In modo del tutto generico si potrebbe qualificare l'atteggiamento introverso come quello che in ogni circostanza tende ad anteporre l'Io e la vita psichica soggettiva all'oggetto e alla realtà obiettiva, o almeno ad affermarli nei confronti dell'oggetto. Questo atteggiamento conferisce quindi al soggetto un valore superiore a quello attribuito all'oggetto. In conformità a ciò l'oggetto viene costantemente svalutato e riveste un'importanza secondaria.
Per contro, l'atteggiamento estroverso subordina il soggetto all'oggetto; è allora l'oggetto a rivestire il valore preponderante. Il soggetto ha sempre importanza secondaria; i processi soggettivi appaiono talora come qualcosa di meramente accessorio, di incomodo e di superfluo rispetto agli accadimenti oggettivi.
(Tipi psicologici)
Non è opportuno seguire piú oltre le vicende della teoria psicoanalitica, o anche delle scuole psicoanalitiche, tanto complessi sono gli sviluppi e gli arricchimenti teorici, specie per l'incontro con i contributi della sociologia. Qui faremo riferimento solo all'elaborazione di Reich e Lacan.

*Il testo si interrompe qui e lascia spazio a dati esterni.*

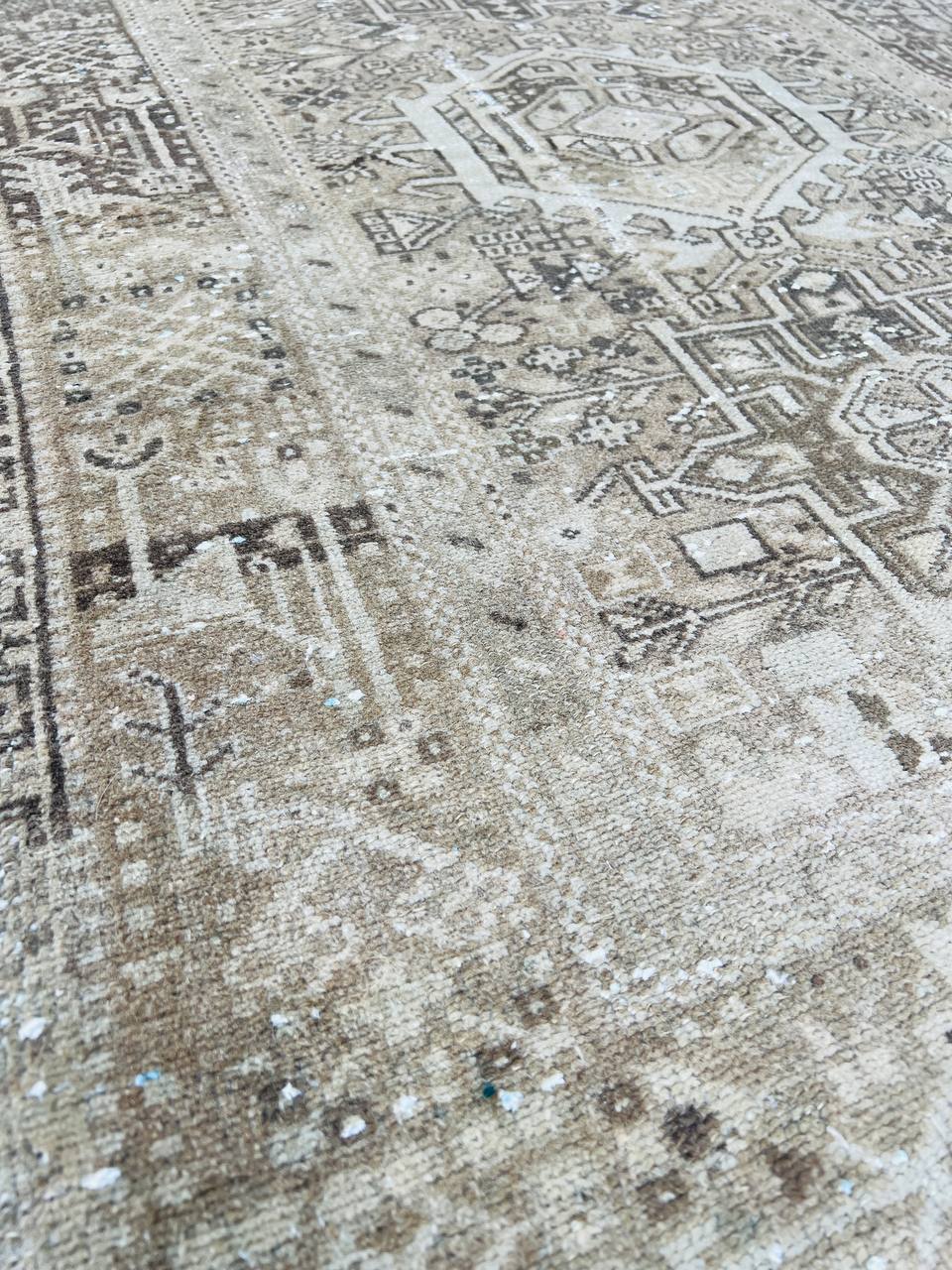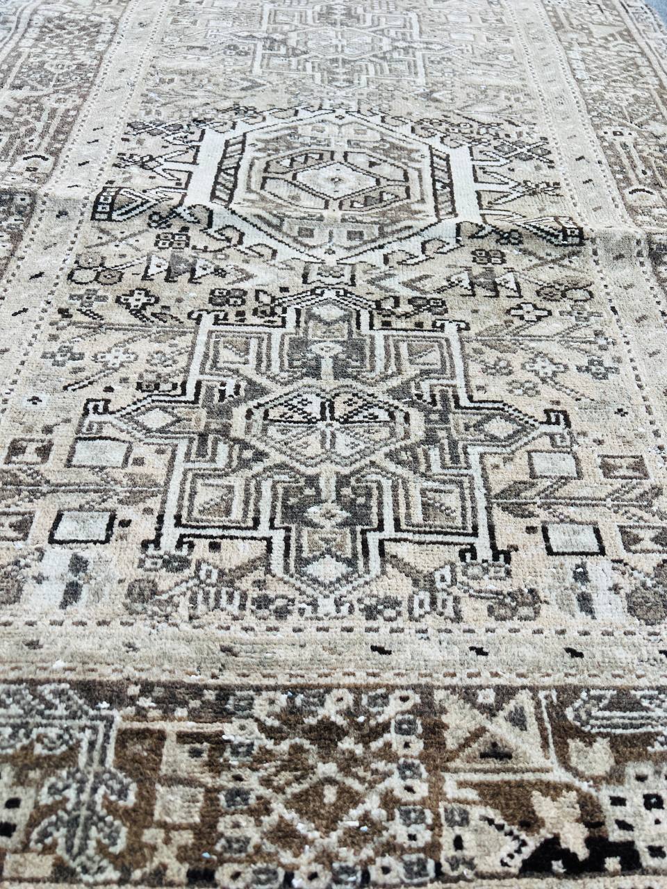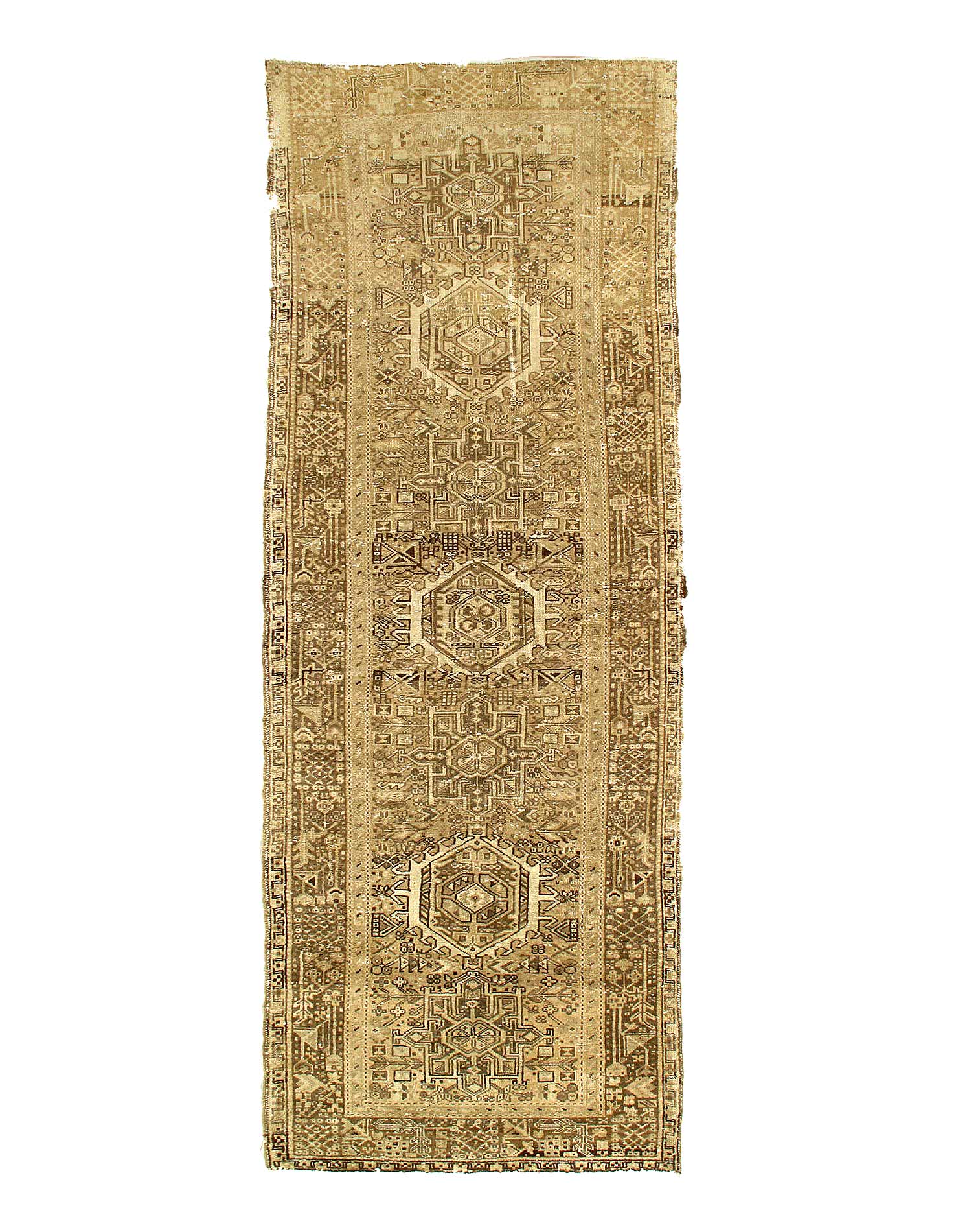 Established with luxurious jewel tones, this antique Karaje rug from Persia is a striking piece. It is engagingly accented with a brilliant white and tangerine tone, which play off of the cool-toned turquoise and navy elements to create an alluring design. This 1920โs beauty features a generous number of floral borders that seamlessly draw the eye to the center of the work. Its overall theme can be described as tribal, with the focal point featuring a diamond surrounded by florets of varying sizes and shapes, set in a field of beige / Brown .

Wilhelm Reich (1897-1957) non solo non accetta l'ultimo Freud, quello dell'«istinto di morte», ma mostra il ruolo svolto dalle strutture sociali e dalle ideologie nella vita psichica. Il contrasto vissuto dall'uomo è tra «tendenze istintuali» e l'insieme, per dirla in termini marxiani, strutturale e sovrastrutturale della società. Sicché anche le conseguenze, ad esempio, della repressione delle pulsioni sessuali infantili non sono limitate all'ambito della vita individuale; infatti tale repressione è la base della rinuncia all'autonomia, alla libertà, alla democrazia, cioè è la fonte della disposizione verso regimi dittatoriali o comunque autoritari.

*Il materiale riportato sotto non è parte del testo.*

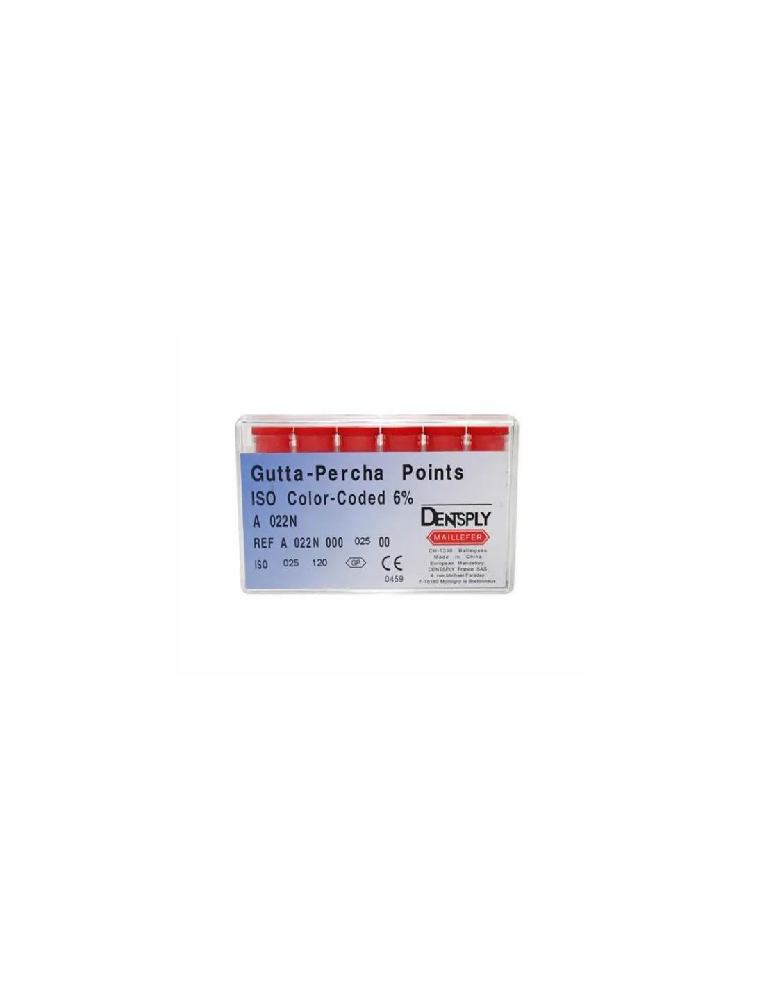 Cada envase de Puntas de Gutta-Percha .06 de Maillefer contiene: 6 tubos de 20 unidades, total 120 uds.

Jacques Lacan (1901-1981) assume l'inconscio di tipo freudiano; ma, aggiunge, tale inconscio «parla»; esso è un linguaggio che sta tra le righe del linguaggio manifesto. L'inconscio pertanto è la struttura stessa del linguaggio cosciente. E se il «discorso dell'Io», cioè il discorso consapevole, risulta discontinuo, disorganico, o stentato, ciò avviene perché esso non possiede appieno il «discorso dell'Altro», cioè dell'inconscio. Pertanto tutte le espressioni del linguaggio umano, cioè tutte le forme espressive, sono interpretabili psicoanaliticamente.